Frau Stennitzer schüttelte stumm den Kopf und schloss dabei für einen kurzen Moment die Augen.
— Hallo, Christoph. Mein Name ist Clemens. Ich schreibe eine Reportage über … Na ja, ich wollte fragen, wie’s dir so damit geht, ich meine, zu wissen …
Mein Satz brach in der Mitte auseinander, und beide Teile fielen zu Boden.
— Gut, sagte Christoph.
Seine Stimme wurde von der Maske gedämpft.
— Du wirst zu Hause unterrichtet, stimmt das?
— Mhm.
— Ich hab mal in einem Internat gearbeitet, in dem Kinder wie du leben. Würdest du manchmal gern in eine solche Schule –
Frau Stennitzer unterbrach mich:
— Wir haben ein Arrangement getroffen. Er kennt die Verhältnisse dort nicht. Wie soll er da antworten?
— Na gut, sagte ich. Sicher, klar.
— Ich lese gern Comics, sagte Christoph.
— Ach so, welche denn?
— Alles Mögliche, sagte er. Und Wrestling.
— Du magst Wrestling?
— Ja.
— Ich hab das schon lang nicht mehr angeschaut.
Frau Stennitzer deutete auf ihre Armbanduhr. Ich spürte nichts. Sie fasste sich an die Schläfen, lächelte aber weiter. Dann nahm sie einen tiefen Atemzug und räusperte sich. Christoph ging aus dem Zimmer.

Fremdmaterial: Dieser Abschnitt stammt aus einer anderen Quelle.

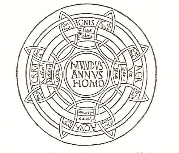 La figura è tratta dall’opera di Isidoro di Siviglia De responsione mundi et astrorum ordinatione, stampata ad Augusta nel 1472. Epitome della dottrina del macrocosmo e del microcosmo. Tale dottrina fu accettata e compresa per tutto il periodo intercorso tra poco prima dell’era cristiana e il XVII secolo. Una serie di cerchi concentrici rappresenta le sfere concentriche della astronomia antica, con il Mondo, l’Anno e l’Uomo al centro. Un altro cerchio porta il nome dei quattro elementi, associati alle quattro stagioni e ai quattro umori. Ai lati di ciascun elemento sono i nomi delle «qualità». Il cerchio più esterno raffigura il limite che divide il nostro mondo da quello celeste di cui non possediamo una conoscenza diretta. Si notino assonanze con la cabala ebraica (Isidoro era appunto di Siviglia, cuore di El Andalus dove per secoli hanno vissuto arabi ed ebrei) e con figure misterico-magiche che da allora ebbero grande diffusione.
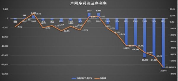 一直以来,声网被诟病的就是其盈利能力。财报显示,2022年一季度,声网净亏2694万美元,已经连续7个季度亏损,净亏损率从上年同期的36.5%扩大至本季度的69.8%。

Was mit Indigo-Kindern passiert, wenn sie älter und schließlich erwachsen werden, ist eine kontrovers diskutierte Frage. Nicht selten wird die Ansicht vertreten, dass es das Beringer-Syndrom gar nicht gibt und alles nur eine Frage der Einstellung ist. Ein Fall aus Australien ist bekannt, ein inzwischen zwanzig Jahre alter Mann namens Ken S., der behauptet, als Kind sehr starke Indigo-Symptome entwickelt zu haben, die seine Eltern schließlich dazu gebracht haben sollen, sich scheiden zu lassen, und seinen Vater angeblich in eine tiefe und lebensgefährliche Depression gestürzt haben. Heute arbeitet er in einem Call-Center und tritt hin und wieder in Talkshows auf, wo er gern darüber spricht, wie man sich mit positivem Denken von seinem eigenen Schicksal distanzieren kann. (Auch bei meiner eigenen Arbeit im Proximity Awareness and Learning Center Helianau am Semmering in Österreich habe ich Kinder erlebt, deren Wert allmählich zu- und deren Wirkung abgenommen hat. Aber selbst in diesen Fällen waren die Kausalitäten oft nicht klar ersichtlich.)
Solche Erzählungen von meinte sie. Ausgebrannte I-Kinder seien eine Tatsache. Aber: ausgebrannten Fällen waren Frau Stennitzer natürlich bekannt, und sie seufzte, als ich sie darauf ansprach. Ja, manchmal wachse oder brenne es sich aus,
— Ehrlich gesagt, das alles bedeutet mir nicht das Geringste. Ich meine, immer geschehen solche Sachen in Australien, weit, weit weg … Als Nächstes geschieht es wahrscheinlich auf dem Mond. Aber hier, ich meine, wir sehen es doch, wir leben doch damit. Es wird nicht weniger.
— Bemerken Sie gar keine Entwicklung?
— Außer dass ich mich gewöhne …
— In der Fachliteratur werden einige Fälle erwähnt, die –
— Ja, das ist eben das Problem, die werden immer nur erwähnt, und die Leute, um die es da geht, sind nur mit Initialen vertreten, und kein Mensch weiß, was das eigentlich soll, diese Geheimniskrämerei.
Eine Pause entstand, während deren ich mein Notizbuch höflich zuklappte, um Frau Stennitzer zu erlauben, richtig wütend zu werden.
— Ich meine, ich verstehe diese Leute nicht, die solchen Unfug schreiben, sagte sie. Die müssen ja nicht mit ständiger Übelkeit und Schwindel leben und mit Hautausschlägen und Durchfall, das ist für die nur eine Liste von Krankheitssymptomen! Das ist nichts, was ihr Leben betrifft. Es ist immer dieselbe Scheiße, überall! Aber kaum spricht das einer mal aus, geht’s auch schon los: Ja, die ist eben burnt out, die ist halt nicht so der Familientyp, wird schon auch an der emotionalen Überforderung liegen — nein! Leben Sie mal vierundzwanzig Stunden im Einzugsgebiet von diesem …
Sie führte einen Fingerknöchel an die Oberlippe, um sich zu bremsen. Es funktionierte.
— Entschuldigung, sagte sie. Sie wollen bestimmt nicht von mir vollgejammert werden.
Ich unterdrückte gerade noch rechtzeitig den Satz Aber dafür bin ich doch gekommen und nickte nur auf eine, wie ich hoffte, verständnisvolle Weise.
— Aber wünschen Sie es sich für Christoph?